*** Begin section ***

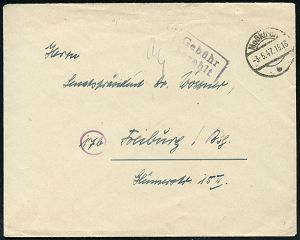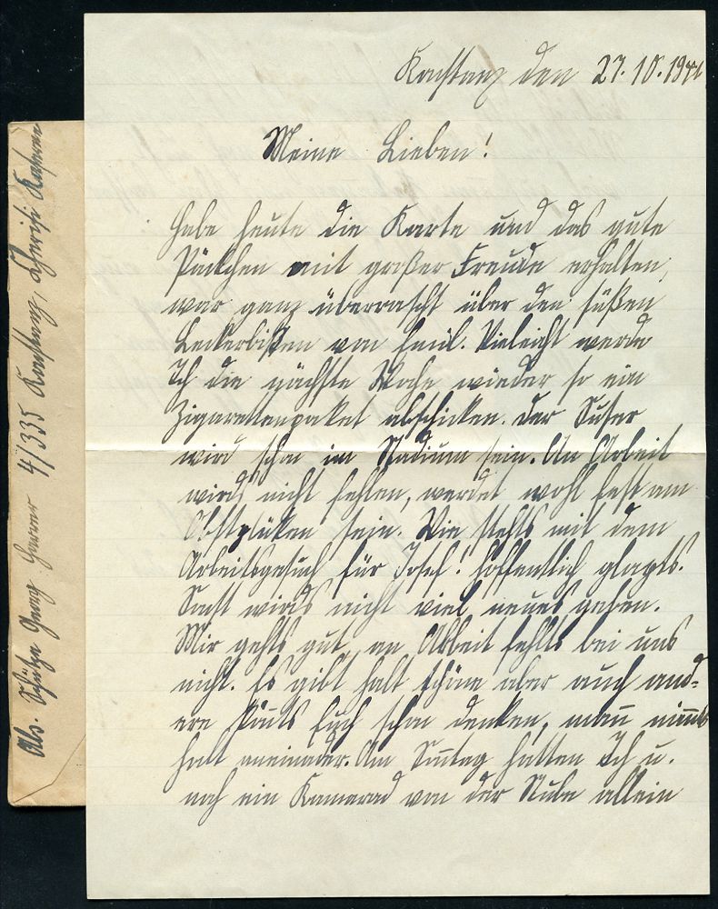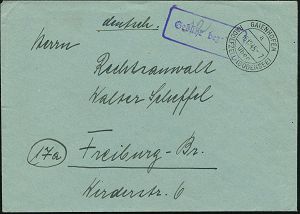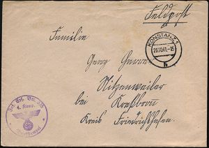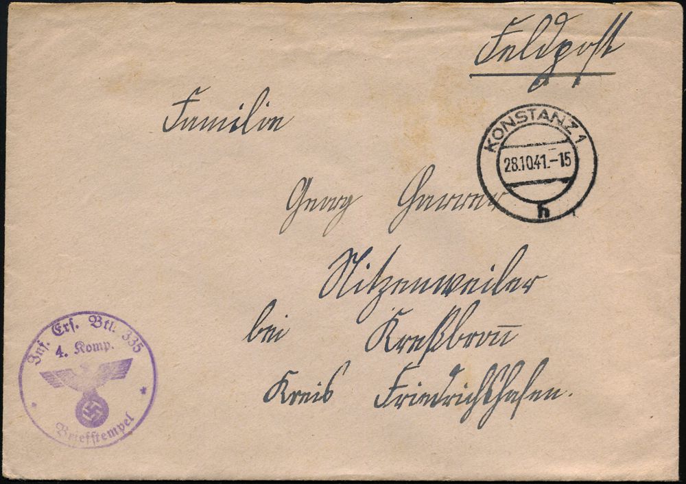 5439 | 15 € | POSTLEITRAUM 7700 (OHNE SINGEN) : KONSTANZ 1/ h 1941 (28.10.) 2K-Steg + viol. 1K.-HdN: Jnf. Ers. Btl. 335/4. Komp. , klar gest. Feldpost-Bf. + Inhalt n. Kreßbronn, 2 Belege kompl.! | ![]() ![]() | |
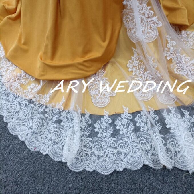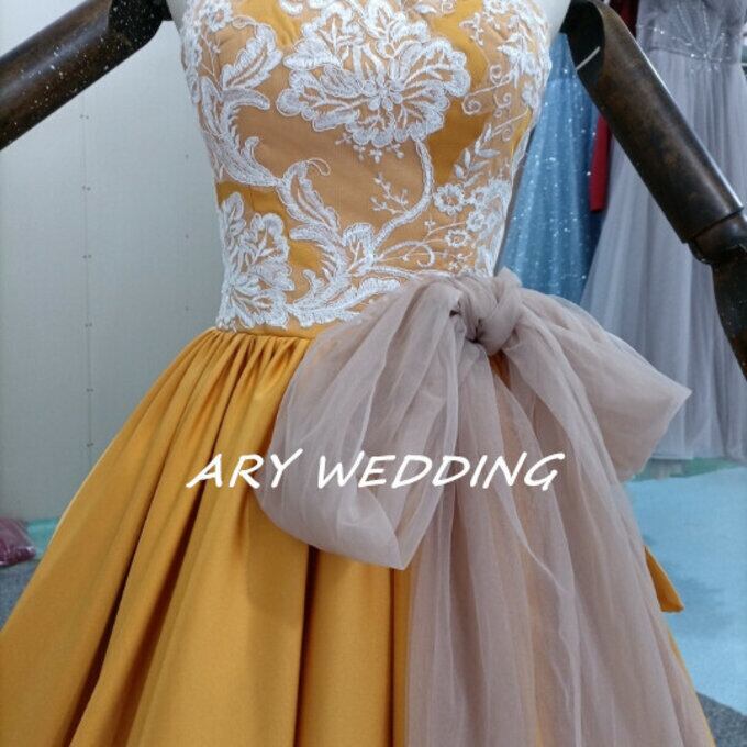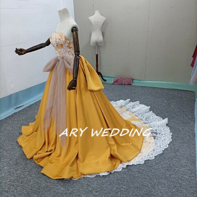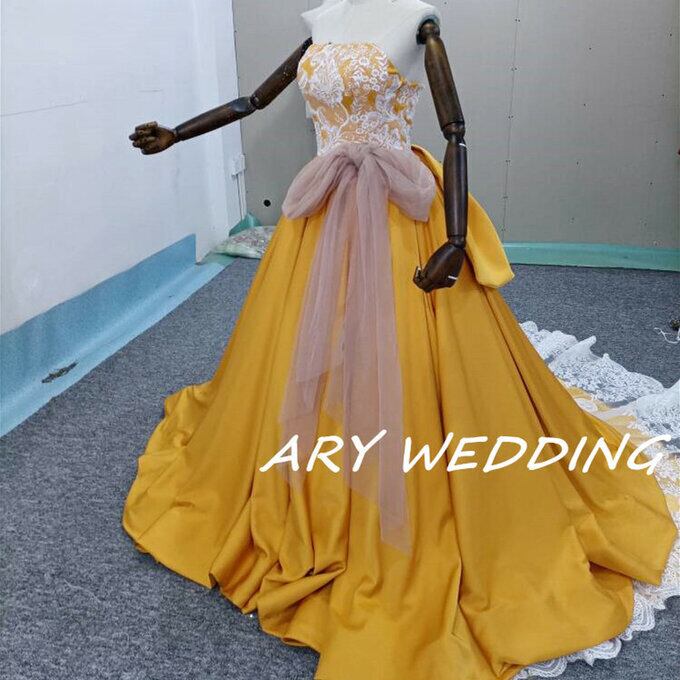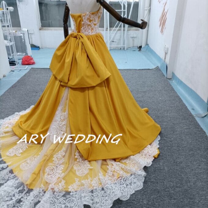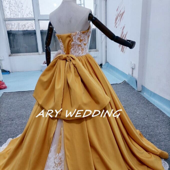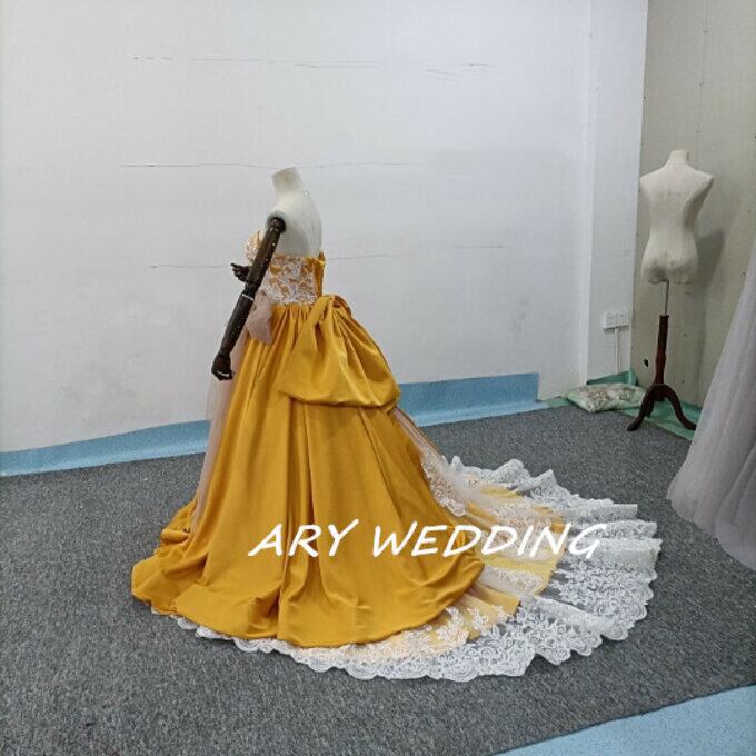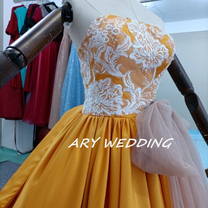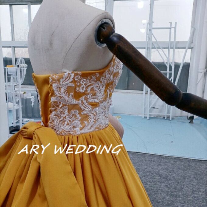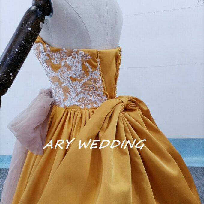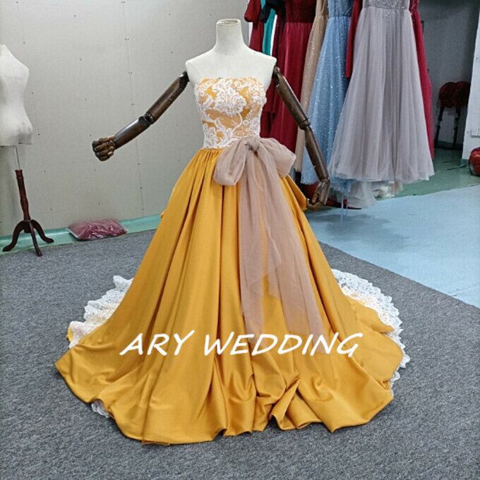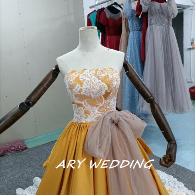 フランス風 カラードレス 暗い黄色 ベアトップ 憧れのドレス華やか エレガント 前撮り結婚式/披露宴/挙式
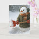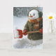 A cheerful, chubby snowman energetically shovels a path with a bright red shovel, expertly carving through a deep snowdrift.
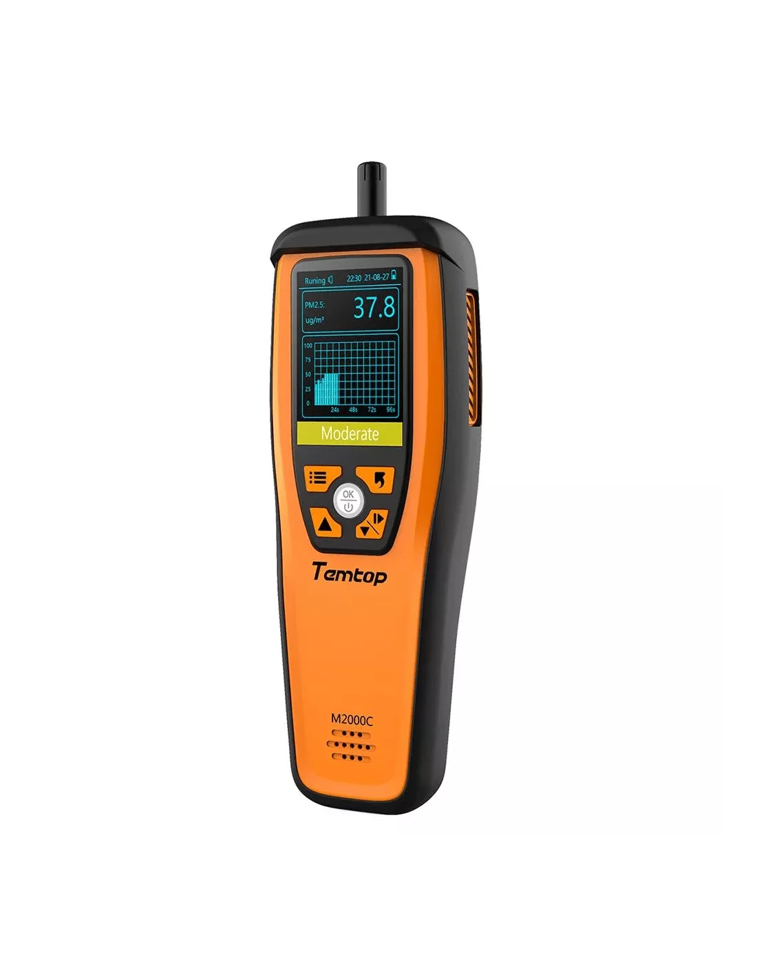 Le Temtop M2000C 2ème génération est un détecteur de qualité de l'air intérieur avancé, conçu pour mesurer et analyser les niveaux de particules PM2.5, PM10, le dioxyde de carbone (CO2), la température et l'humidité relative. Ce produit possède des fonctionnalités d'alarme sonore et d'exportation de données, ce qui en fait un outil polyvalent pour surveiller et améliorer la qualité de l'air intérieur.
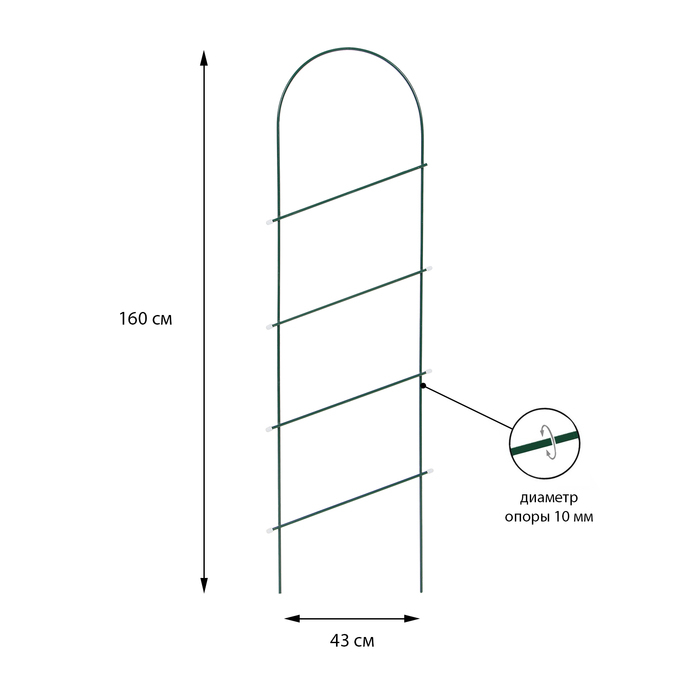 Шпалера, 160 × 43 × 1 см, металл, зелёная, «Линия»
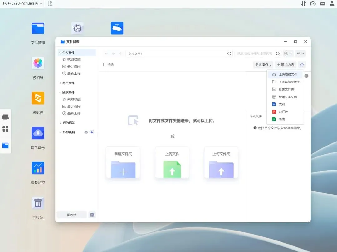 极空间的ZOS和EZOS设计出发点都是简单易用,这里简单做个展示。
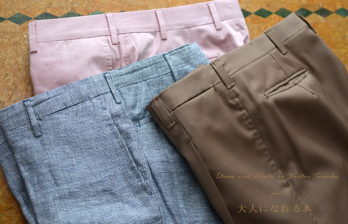 スマートカジュアルの場合、ジャケットに合わせるパンツはかなりドレッシーなジャケパンになりやすいウールのスラックス(写真右)でも良いですが、コットンや麻のパンツがおすすめ。
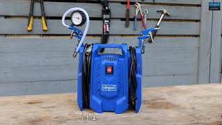 - Három különböző tartozékának, egy erős 1100 W-os motornak és a 8 bar magas üzemi nyomásnak köszönhetően könnyedén felfújja a gumiabroncsokat motorkerékpárokon, kerékpárokon, autókon, terepjáró quadokon, labdákat, matracokat, felfújható csónakokat, SUP-okat stb.

*** End section ***

An exact copy of the listing is required, with every image removed.

 5439 | 15 € | POSTLEITRAUM 7700 (OHNE SINGEN) : KONSTANZ 1/ h 1941 (28.10.) 2K-Steg + viol. 1K.-HdN: Jnf. Ers. Btl. 335/4. Komp. , klar gest. Feldpost-Bf. + Inhalt n. Kreßbronn, 2 Belege kompl.! | ![]() ![]() | |
 フランス風 カラードレス 暗い黄色 ベアトップ 憧れのドレス華やか エレガント 前撮り結婚式/披露宴/挙式
 A cheerful, chubby snowman energetically shovels a path with a bright red shovel, expertly carving through a deep snowdrift.
 Le Temtop M2000C 2ème génération est un détecteur de qualité de l'air intérieur avancé, conçu pour mesurer et analyser les niveaux de particules PM2.5, PM10, le dioxyde de carbone (CO2), la température et l'humidité relative. Ce produit possède des fonctionnalités d'alarme sonore et d'exportation de données, ce qui en fait un outil polyvalent pour surveiller et améliorer la qualité de l'air intérieur.
 Шпалера, 160 × 43 × 1 см, металл, зелёная, «Линия»
 极空间的ZOS和EZOS设计出发点都是简单易用,这里简单做个展示。
 スマートカジュアルの場合、ジャケットに合わせるパンツはかなりドレッシーなジャケパンになりやすいウールのスラックス(写真右)でも良いですが、コットンや麻のパンツがおすすめ。
 - Három különböző tartozékának, egy erős 1100 W-os motornak és a 8 bar magas üzemi nyomásnak köszönhetően könnyedén felfújja a gumiabroncsokat motorkerékpárokon, kerékpárokon, autókon, terepjáró quadokon, labdákat, matracokat, felfújható csónakokat, SUP-okat stb.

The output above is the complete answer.